> **Your task**: Pictures stay out. Everything else in the listing below gets written out exactly.

> **Given material**:
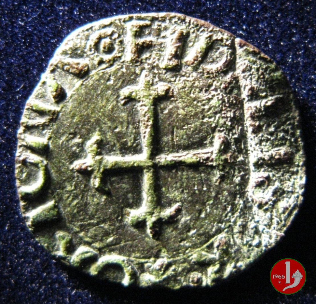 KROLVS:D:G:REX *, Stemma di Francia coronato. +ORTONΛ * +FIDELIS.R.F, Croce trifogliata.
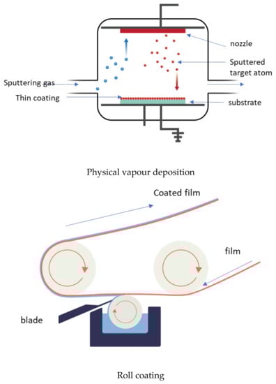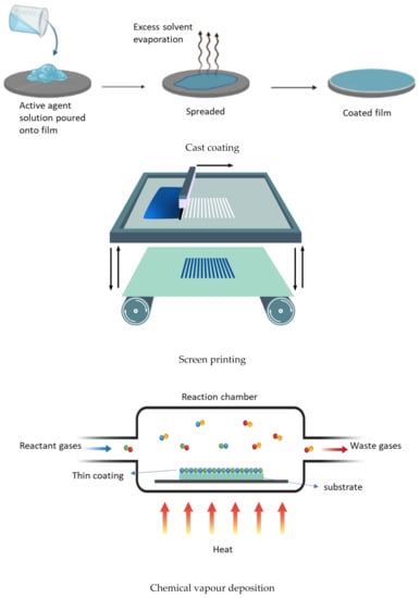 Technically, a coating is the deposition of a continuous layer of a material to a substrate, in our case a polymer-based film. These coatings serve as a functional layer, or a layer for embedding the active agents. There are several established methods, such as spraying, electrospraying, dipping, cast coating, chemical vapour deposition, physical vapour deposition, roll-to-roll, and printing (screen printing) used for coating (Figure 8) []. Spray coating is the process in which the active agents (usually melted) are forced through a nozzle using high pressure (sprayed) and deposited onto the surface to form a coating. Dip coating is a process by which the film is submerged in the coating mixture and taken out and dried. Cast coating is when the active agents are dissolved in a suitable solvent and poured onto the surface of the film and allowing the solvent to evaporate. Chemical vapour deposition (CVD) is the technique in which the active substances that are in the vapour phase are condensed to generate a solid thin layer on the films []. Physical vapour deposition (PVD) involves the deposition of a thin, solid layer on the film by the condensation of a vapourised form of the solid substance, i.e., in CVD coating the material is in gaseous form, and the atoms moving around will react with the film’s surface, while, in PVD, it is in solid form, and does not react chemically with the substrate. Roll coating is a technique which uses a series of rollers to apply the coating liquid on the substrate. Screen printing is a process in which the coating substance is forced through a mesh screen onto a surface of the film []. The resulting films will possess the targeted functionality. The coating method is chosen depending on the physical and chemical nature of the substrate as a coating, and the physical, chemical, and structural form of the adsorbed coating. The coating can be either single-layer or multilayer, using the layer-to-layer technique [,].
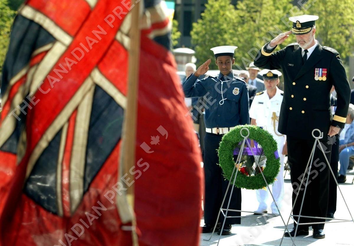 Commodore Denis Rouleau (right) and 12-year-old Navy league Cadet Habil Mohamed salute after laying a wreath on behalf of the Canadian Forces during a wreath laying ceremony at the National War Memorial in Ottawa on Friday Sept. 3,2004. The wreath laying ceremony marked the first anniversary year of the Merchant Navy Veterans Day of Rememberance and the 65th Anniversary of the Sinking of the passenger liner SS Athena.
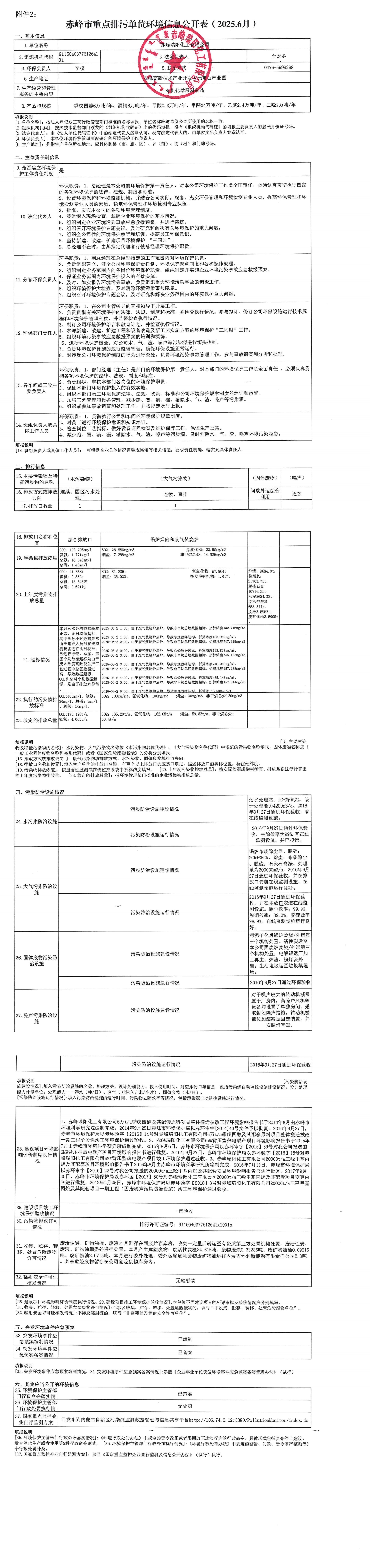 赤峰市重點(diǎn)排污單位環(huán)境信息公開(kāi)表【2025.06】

> **Finished exercise**:
 KROLVS:D:G:REX *, Stemma di Francia coronato. +ORTONΛ * +FIDELIS.R.F, Croce trifogliata.
 Technically, a coating is the deposition of a continuous layer of a material to a substrate, in our case a polymer-based film. These coatings serve as a functional layer, or a layer for embedding the active agents. There are several established methods, such as spraying, electrospraying, dipping, cast coating, chemical vapour deposition, physical vapour deposition, roll-to-roll, and printing (screen printing) used for coating (Figure 8) []. Spray coating is the process in which the active agents (usually melted) are forced through a nozzle using high pressure (sprayed) and deposited onto the surface to form a coating. Dip coating is a process by which the film is submerged in the coating mixture and taken out and dried. Cast coating is when the active agents are dissolved in a suitable solvent and poured onto the surface of the film and allowing the solvent to evaporate. Chemical vapour deposition (CVD) is the technique in which the active substances that are in the vapour phase are condensed to generate a solid thin layer on the films []. Physical vapour deposition (PVD) involves the deposition of a thin, solid layer on the film by the condensation of a vapourised form of the solid substance, i.e., in CVD coating the material is in gaseous form, and the atoms moving around will react with the film’s surface, while, in PVD, it is in solid form, and does not react chemically with the substrate. Roll coating is a technique which uses a series of rollers to apply the coating liquid on the substrate. Screen printing is a process in which the coating substance is forced through a mesh screen onto a surface of the film []. The resulting films will possess the targeted functionality. The coating method is chosen depending on the physical and chemical nature of the substrate as a coating, and the physical, chemical, and structural form of the adsorbed coating. The coating can be either single-layer or multilayer, using the layer-to-layer technique [,].
 Commodore Denis Rouleau (right) and 12-year-old Navy league Cadet Habil Mohamed salute after laying a wreath on behalf of the Canadian Forces during a wreath laying ceremony at the National War Memorial in Ottawa on Friday Sept. 3,2004. The wreath laying ceremony marked the first anniversary year of the Merchant Navy Veterans Day of Rememberance and the 65th Anniversary of the Sinking of the passenger liner SS Athena.
 赤峰市重點(diǎn)排污單位環(huán)境信息公開(kāi)表【2025.06】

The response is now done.